Objectives This study compared JoAS vs. AoAS with respect toclinical, functional and genetic outcomes, and determined which factors were related to prognosis, as defined either by a poor BASFI (≥5) or by a history of AS-related surgery.

Methods 143 JoAS patients (103 males) were compared with 413 AoAS patients (307 males), both attending a tertiary care rheumatology hospital.

A diagnosis of AS was made using the 1987 modified New York criteria. The following clinical parameters were recorded: sex; age at symptom onset (JoAS only); age at Rheumatologist-made diagnosis; the most recent BASFI, BASDAI, BASMI; HLA-B27 genotype status; the occurrence at any time point of psoriasis, uveitis, enthesitis, inflammatory bowel disease (IBD) or AS-related surgery (hip, shoulder or spinal).
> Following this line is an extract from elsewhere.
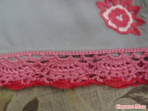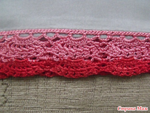 Обвязку крючком ткани раньше не делала никогда. Самым сложным за ткань было зацепиться, т к она тонкая и прокалывать ее крючком не представлялось возможным. Я сделала так: обшила ее по фабричным швам ниткой для обвязки ( швом "назад иголку" ). Затем в каждый стежок провязала столбик без накида, а далее уже вязала узор по схеме.

Two group comparisons were made with continuity-corrected Chi-squared, unpaired Student’s t-tests and non-parametric Mann-Whitney U-tests.
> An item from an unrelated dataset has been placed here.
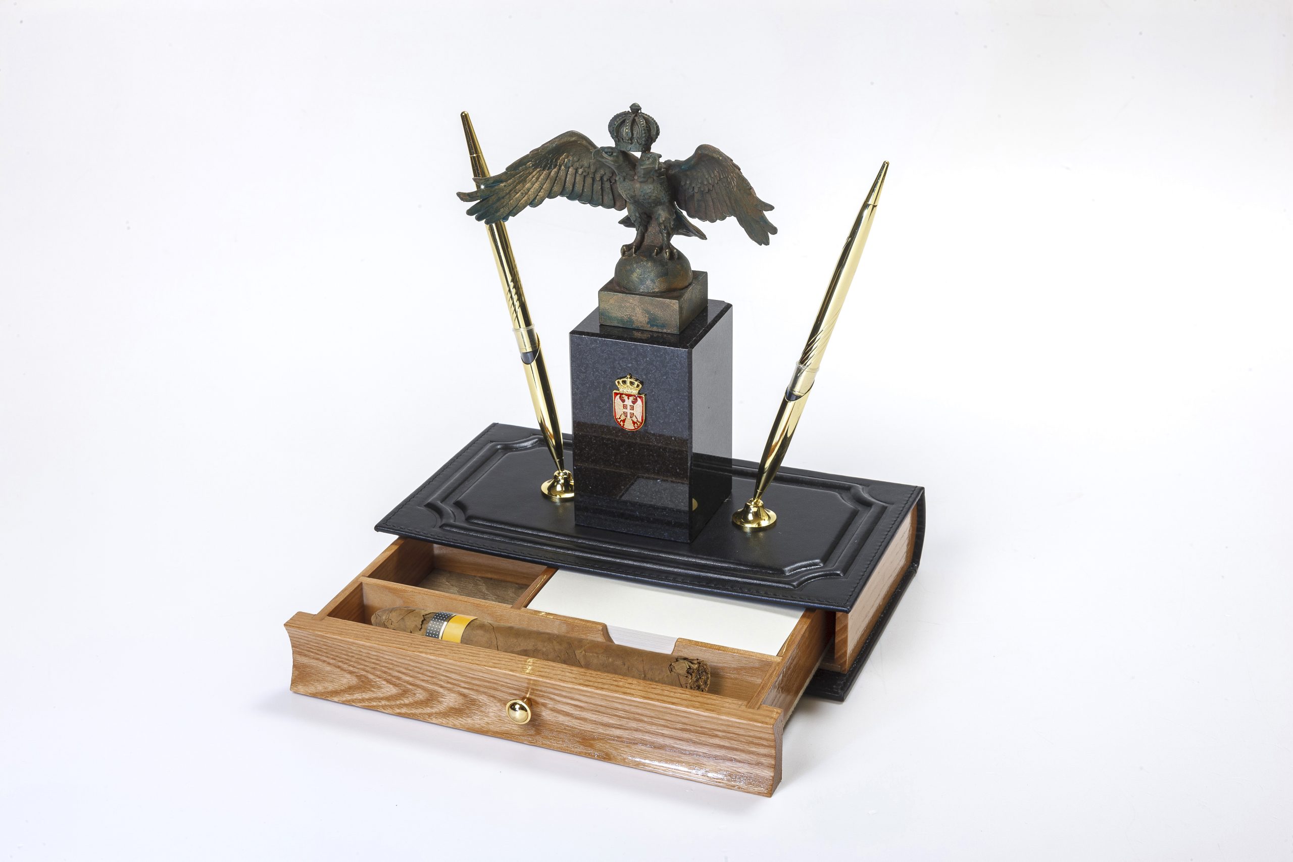 Orao na mermernom postolju sa setom olovaka i kutijom za odlaganje sitnog pribora.

Results At assessment, JoAS cases were only slightly younger than AoAS cases (mean age 49.0 vs. 51.9 years, respectively; mean difference in age 2.9 years, 95% CI 0.3-5.6 years). JoAS cases had a slightly longer mean disease duration since diagnosis [JoAS 26.0 years (SD 14.9), AoAS 19.3 years (SD 13.1)].

Comparing the JoAS and AoAS cohorts, the JoAS cases had had significantly more AS-related surgery (18.9% vs. 8.0%, respectively; p<0.001), and slightly more had had concurrent IBD (11.2% vs. 6.8%, respectively; p=0.13).

No statistically significant difference was found between the two groups in terms of BASFI, ten BASFI domains, BASDAI, BASMI, sex distribution, HLA-B27 positivity, psoriasis, enthesitis, or uveitis (all cases or HLA-B27 positive cases only).

Amongst the JoAS cases, those with a poorer BASFI (≥5.0) had symptom onset at a younger age than those with a better BASFI (<5.0) (mean age 12.5 vs. 13.4, respectively; trend p=0.08). JoAS cases with psoriasis were more likely to have a poor BASFI than those without psoriasis (55% vs. 25%, respectively; p=0.016). AoAS cases without uveitis were more likely to have a poor BASFI than those with uveitis (38% vs. 24%, respectively; p=0.007).

Amongst the JoAS cases, those having had AS-related surgery had symptom onset at a younger age than those without surgery (mean age 12.5 vs. 13.3, respectively; trend p=0.18). JoAS cases with psoriasis were more likely to have had AS-related surgery than those without psoriasis (43% vs. 15%, respectively; p=0.006). No other prognostic markers were demonstrated.

Conclusions This study is the first to investigate a Northern-European population of Rheumatologist-diagnosed JoAS patients, and is the largest sample of prospectively-collected JoAS data published. JoAS and AoAS patients differed in terms of proceeding to AS-related surgery, and occurrence of IBD. In JoAS, younger age at symptom onset and occurrence of psoriasis, related to poorer prognosis. In AoAS, absence of uveitis related to poorer prognosis as measured by BASFI. Delay in diagnosis didn’t correlate with prognosis.